County employees take requests on areas of expertise
Nothing inspires terror like public speaking, but Livingston County, N.Y.’s personnel are apparently fearless.
When Communications Director Sean Farnsworth canvassed the county staff to see who would be interested in participating in a speakers bureau, going out to present to local civic groups, the response surprised him.
“Within 15 minutes, the emails started coming in,” he said. “People were excited about this.”
The speaker’s bureau, launched in October, offers up county employees upon request to address a variety of topics including county administration, county history, public information and both the prosecution and defense’s positions in the legal system. Speakers also touch on practical topics, including resources for seniors, grant writing, workforce preparation, records management and emergency planning.
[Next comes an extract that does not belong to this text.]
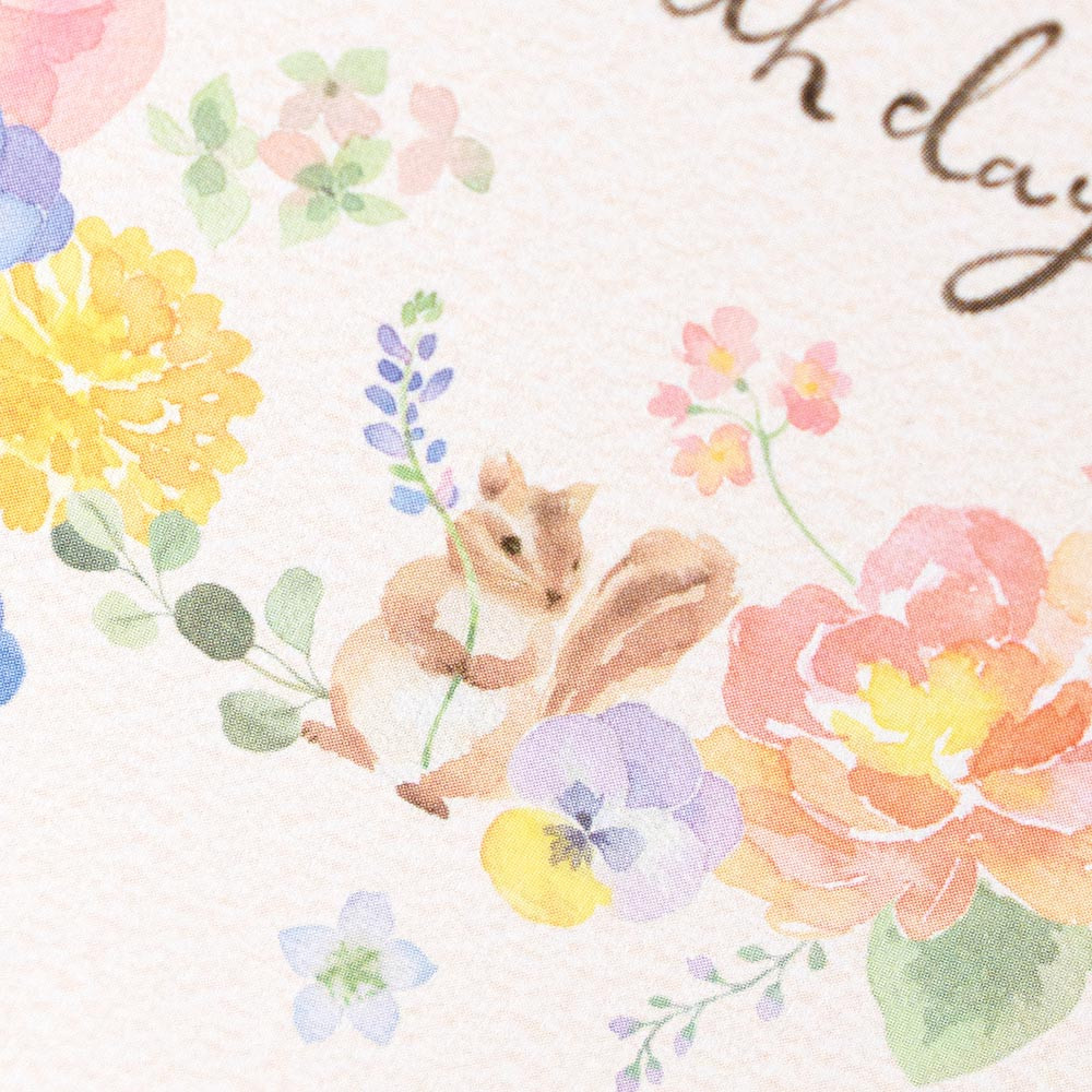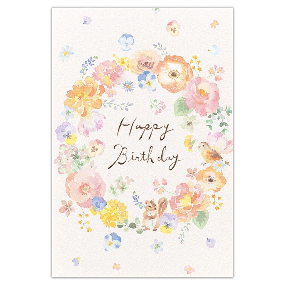 華やかなお花のリースとふんわり可愛らしい動物たちがお誕生日のお祝いにぴったりなデザインです。

A number of counties from around the country maintain speakers bureaus, but most focus on particular areas, including health, aging, prosecutors’ offices, water issues, education and history. Other counties with broader arrays of speakers, including Broward and Pinellas counties in Florida, are significantly larger than Livingston County.
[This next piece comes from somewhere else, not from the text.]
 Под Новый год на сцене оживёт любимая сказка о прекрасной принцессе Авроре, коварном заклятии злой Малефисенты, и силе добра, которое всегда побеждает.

Frederick County, Va. has a roster of speakers, and although the demand for in-person guests saw a downturn during the COVID-19 pandemic, county PIO Karen Vacchio said her speakers bureau’s most popular requests have been for the commissioner of the revenue and parks and recreation departments.
“Nobody knows these topics better than people who are doing this work every day,” she said.
That’s what’s driven Livingston County to build its roster of speakers.
“We’re a small county, but our staff has a wealth of knowledge and experience,” Farnsworth said. “We’re in a position to share a lot of that with the community.”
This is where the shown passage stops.